▶ _DATASET ENTRIES_:
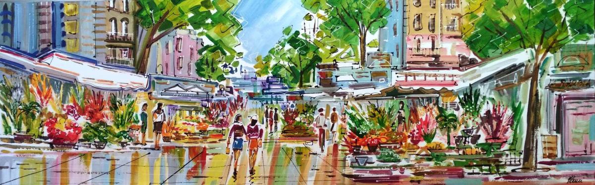 Cuadro Moderno " Flores Rambla Bcn" 150x50
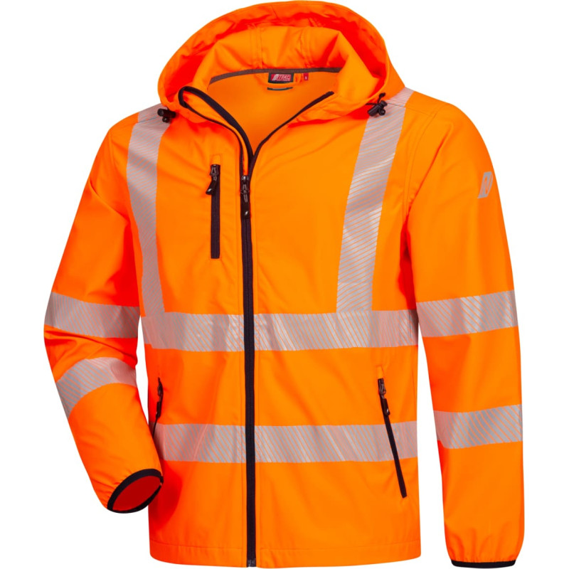 NITRAS MOTION TEX VIZ, high-visibility windbreaker, neon orange (colour code: 4100), 180 g/sqm, very light-weight and high wearing comfort thanks to soft softshell material with water repellent and wind resistant properties, elastics at cuffs for optimal fit, decent and sporty design, comfortable lining inside (front side), small pack size and very quickly at hand, circumferential segmented reflective stripes for better visibility, continuous YKK-zipper with chin protection and wind stopper inside, chest and side pockets, hood with drawstring for fixation, Shell fabric: hydrostatic head: 25,000 mmH2O / breathability: 2,000 g/sqm/24h, Regular Fit
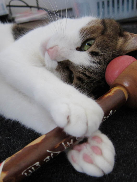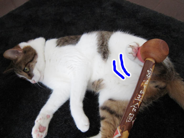 肩たたきのボール部分でぽっけ♂の頭をナデナデ。
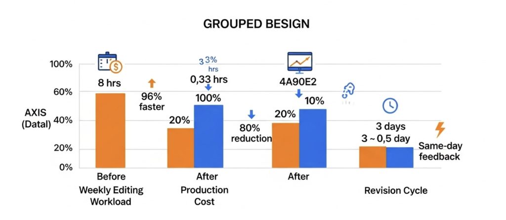 | Weekly editing workload | ~8 hrs | ~20 mins | 96% faster |
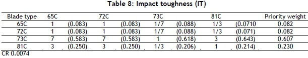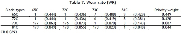 Table 6 presents the pairwise comparison of the blades with each of these criteria, which corresponds to the survey results in previous work [3]. In previous work, farmers considered sharpness as the first factor in the selection process, and service life as the second factor. Therefore, hardness positively correlating with sharpness has the highest importance. Wear rate is the next in importance, because it relates to service life. The impact toughness relates to safety and reliability, which are both important. However, the farmers considered this factor as the least important to them. Thus the importance of impact toughness is less than that of hardness and wear rate. The pairwise comparisons by each criterion in Table 6 reveal hardness as the most important criterion (priority=0.438), followed by wear rate (priority=0.278), and then impact toughness (priority=0.086). The values in parentheses were determined by step 5. The consistency ratio (CR) is calculated using eq. (3), which gives CR=0.079. This CR indicates that the data in Table 6 are available, as stated by Park et al. [5] and Saaty [7].

▶ _PROBLEM DESCRIPTION_:
The stretch to restate runs from the line above containing "肩たたきのボール部分でぽっけ♂の頭をナデナデ。" through the line containing "96% faster |". Copy it word for word, ends included, without pictures.

▶ _TASK RESPONSE_:
 肩たたきのボール部分でぽっけ♂の頭をナデナデ。
 | Weekly editing workload | ~8 hrs | ~20 mins | 96% faster |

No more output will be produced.